Oh.  So now we're on to two week appointments instead of four week appointments.  Baby's official due date is only two and a half months away. How did that happen? (Pregnant) moms with older children, did you find that this happened to you too? You kept telling your kids that even though they're so excited to meet the baby, he won't actually be here for a very long time? Then all of the sudden it was a very short time?

Upon hearing this news I did the obvious- I drove straight to Massage Heights and scheduled the 90 minute maternity massage that Kent had bought me for Christmas.  No way was I going to chance that puppy going to waste. :) I had been saving it until the very end of my pregnancy, figuring I'd appreciate it most the farther along I was.  One of my girlfriends had her baby last week and even though I am not quite 30 weeks along, seeing her baby made me feel like my baby is coming.  Soon.

I should have paid more attention because there are some definite signs it's getting closer.  For example, I've started chewing ice. I was looking at Kylee's baby book the other day and there was a section for "mom ate...." and I had written "crushed ice". Lately I've had no appetite but have been chomping ice like it's my job.

This pregnancy is so different than my first two because Kael and Kylee are old enough to "get" it.  They're also old enough to keep me too busy to let myself be consumed with all things relating to pregnancy/baby. (Because you know I could lose myself on Pinterest looking at cute baby photo ideas, ways to decorate baby's room...oh how I love thinking about all this stuff again!) It is such a blessing going through this pregnancy and having them constantly feeling my belly, talking to my belly, and things like that.  There's a saying about shared grief is half the grief but shared joy is double the joy (I'm not sure that's an exact quote...) but I feel like this pregnancy is quadruple the joy.  It's not just Kent and I that get to be excited- we have Kael and Kylee to be excited with us. 

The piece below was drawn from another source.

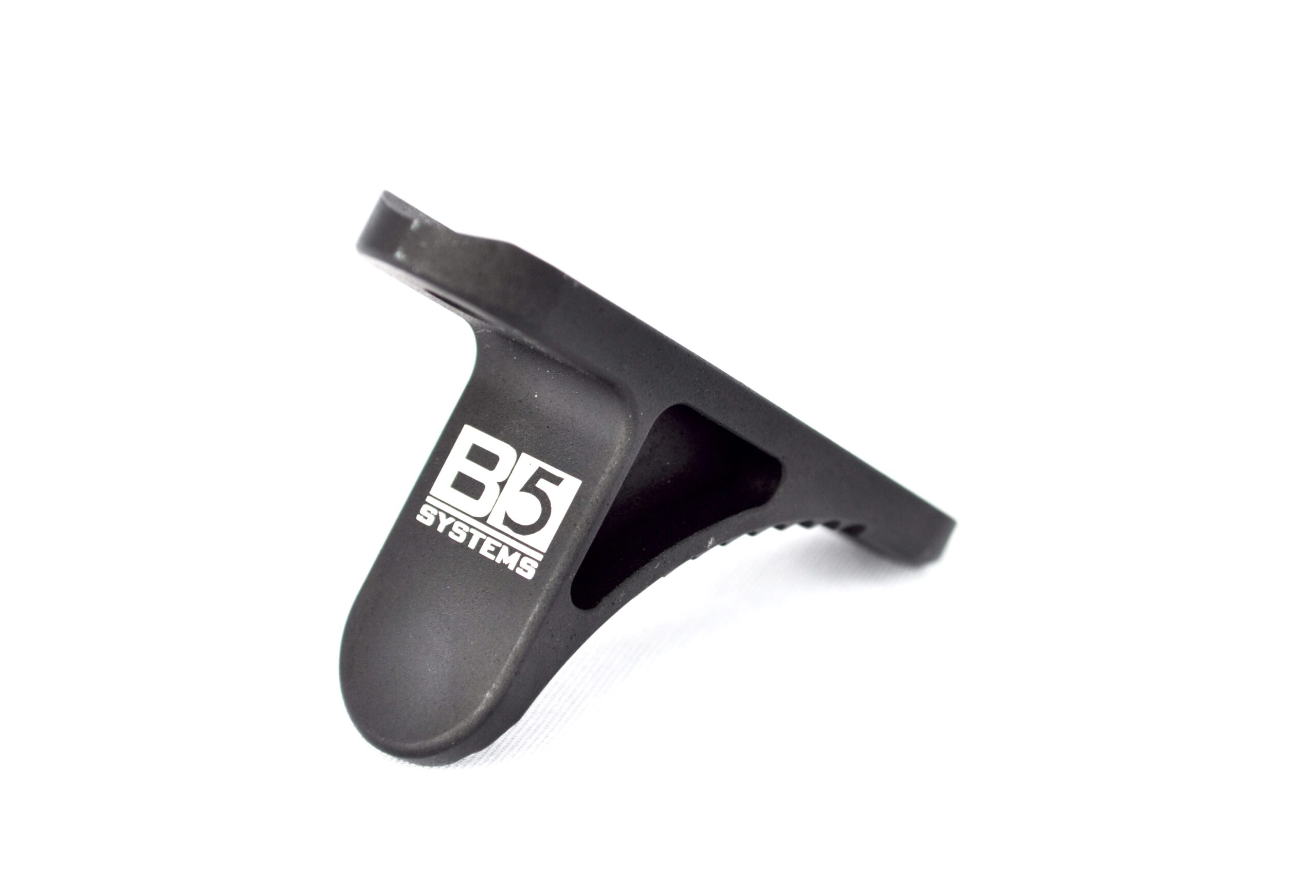 The B5 systems Gripstop was developed several years ago by a Marine combat veteran to benefit a wide variety of different shooting styles. The lightweight, one piece aluminum construction of the Gripstop holds up against the toughest abuse, and also fits a wide variety of different firearms, including rifles, carbines, sub-machine guns, and shotguns. It’s unique design allows the shooter to “pull” the firearm rearward into the shoulder pocket, and maintain a solid purchase on the gun with the support hand. It also works well as a barrier-stop against walls, automotive frames, and barricades. The Gripstop allows end users the ability to install onto a wide range of hand-guards and forearms, including M-LOK, Keymod and those with 2 3/8″ spaced threaded holes or slots. It is available in both standard (long) and “k” (short) models to match individual shooting preferences.
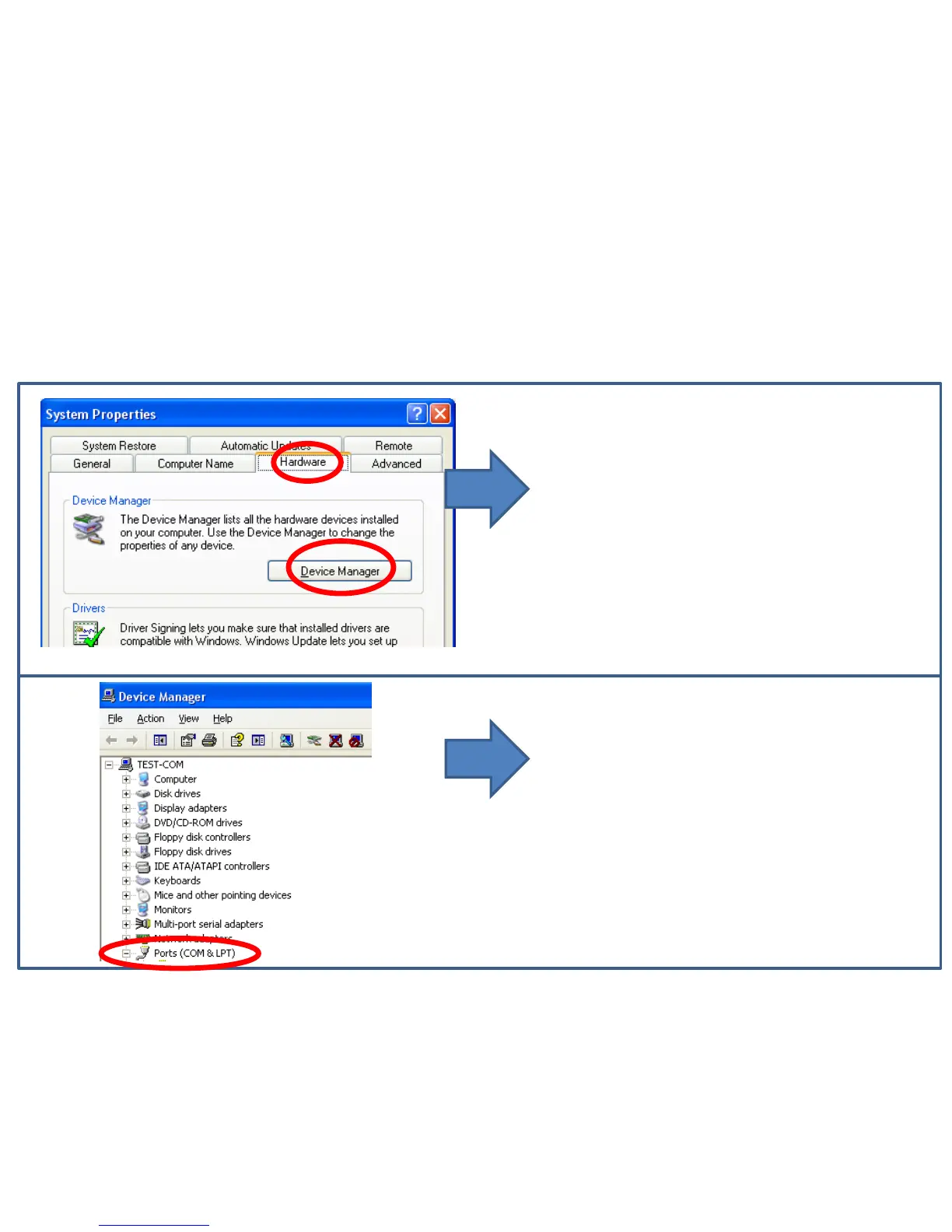(2) “Device Manager” & “Port” Selection

Years ago I would have guessed that I would have three children, all about two to three years apart.  I didn't plan for this one to be four and a half years younger, but God did.  And I'm so glad I can see that now.  It was His timing, not mine, that was right.  Just exactly, perfectly, right.

Baby we are getting so excited and ready to meet you!
 I find myself daydreaming about what he'll look like, what his personality will be like, what he'll be interested in.  *Sigh.  There's lots to do before he gets here, but I know it will all get done. I've realized that some of the details I thought were so important the first two times around were just that...details.